## [RAW DATA]
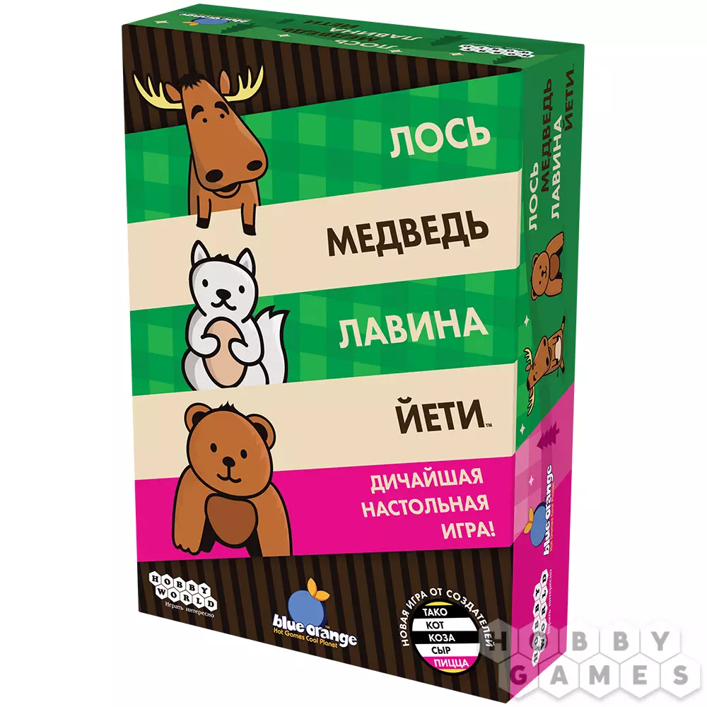 "Лось, медведь, лавина, йети" – это азартная карточная игра от создателя знаменитой серии "Тако, кот, коза, сыр, пицца". В ней вам предстоит участвовать в безумном соревновании на скорость реакции и внимательность. Все игроки одновременно скандируют ритмичную считалочку, а на ключевом слове выкладывают по одной карте в центр стола – и тут же бросаются забирать подходящие. Задача простая: собирать карты с одинаковыми животными. Но два персонажа – коварный йети и неумолимая лавина – способны вмиг обнулить ваши достижения, если вы случайно или нарочно прихватите их, так что будьте осторожны!
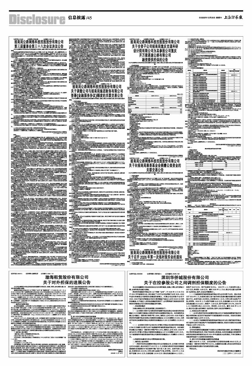 2025年12月18日,经友好协商,公司、天津渤海与皖江金租签署《补充协议》,约定将上述租赁资产收益权转让项目剩余本金1亿元支付期限展期至2026年12月29日,公司继续为天津渤海上述业务提供连带责任保证担保,并以持有的天津渤海3.5亿元股权为天津渤海上述业务提供质押担保。
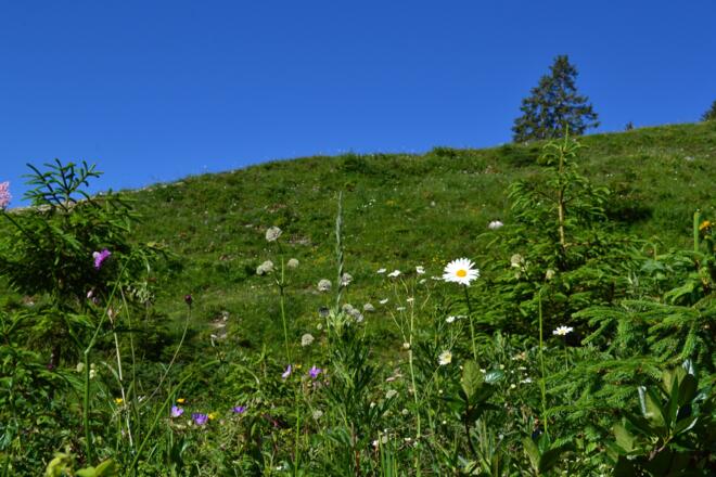 Schöner Weg zur Ifenhütte durch Wald und Wiesen. Der 2017 angelegte Naturpfad leitet durch ein Blumenmeer mit Waldabschnitten und vorbei an Kuhherden.
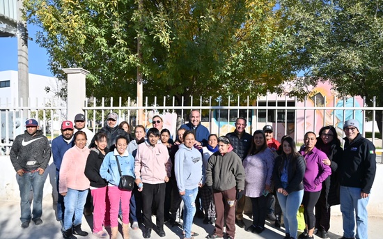 Junto a los regidores Luis Arturo Dávila Menchaca, Manuel Menchaca Flores, Saúl García Ibarra y Pedro Solís Valenzuela; del secretario técnico Héctor Eduardo Arocha Gómez, del director de Obras Públicas Carlos Humberto Flores Jiménez y de la coordinadora de Centros Comunitarios Lidia Martínez Blanco, hizo entrega de la obra.

## [TASK GOAL]
Could you transcribe all of the data exactly, keeping every picture out of the copy?

## [OUTPUT]
 "Лось, медведь, лавина, йети" – это азартная карточная игра от создателя знаменитой серии "Тако, кот, коза, сыр, пицца". В ней вам предстоит участвовать в безумном соревновании на скорость реакции и внимательность. Все игроки одновременно скандируют ритмичную считалочку, а на ключевом слове выкладывают по одной карте в центр стола – и тут же бросаются забирать подходящие. Задача простая: собирать карты с одинаковыми животными. Но два персонажа – коварный йети и неумолимая лавина – способны вмиг обнулить ваши достижения, если вы случайно или нарочно прихватите их, так что будьте осторожны!
 2025年12月18日,经友好协商,公司、天津渤海与皖江金租签署《补充协议》,约定将上述租赁资产收益权转让项目剩余本金1亿元支付期限展期至2026年12月29日,公司继续为天津渤海上述业务提供连带责任保证担保,并以持有的天津渤海3.5亿元股权为天津渤海上述业务提供质押担保。
 Schöner Weg zur Ifenhütte durch Wald und Wiesen. Der 2017 angelegte Naturpfad leitet durch ein Blumenmeer mit Waldabschnitten und vorbei an Kuhherden.
 Junto a los regidores Luis Arturo Dávila Menchaca, Manuel Menchaca Flores, Saúl García Ibarra y Pedro Solís Valenzuela; del secretario técnico Héctor Eduardo Arocha Gómez, del director de Obras Públicas Carlos Humberto Flores Jiménez y de la coordinadora de Centros Comunitarios Lidia Martínez Blanco, hizo entrega de la obra.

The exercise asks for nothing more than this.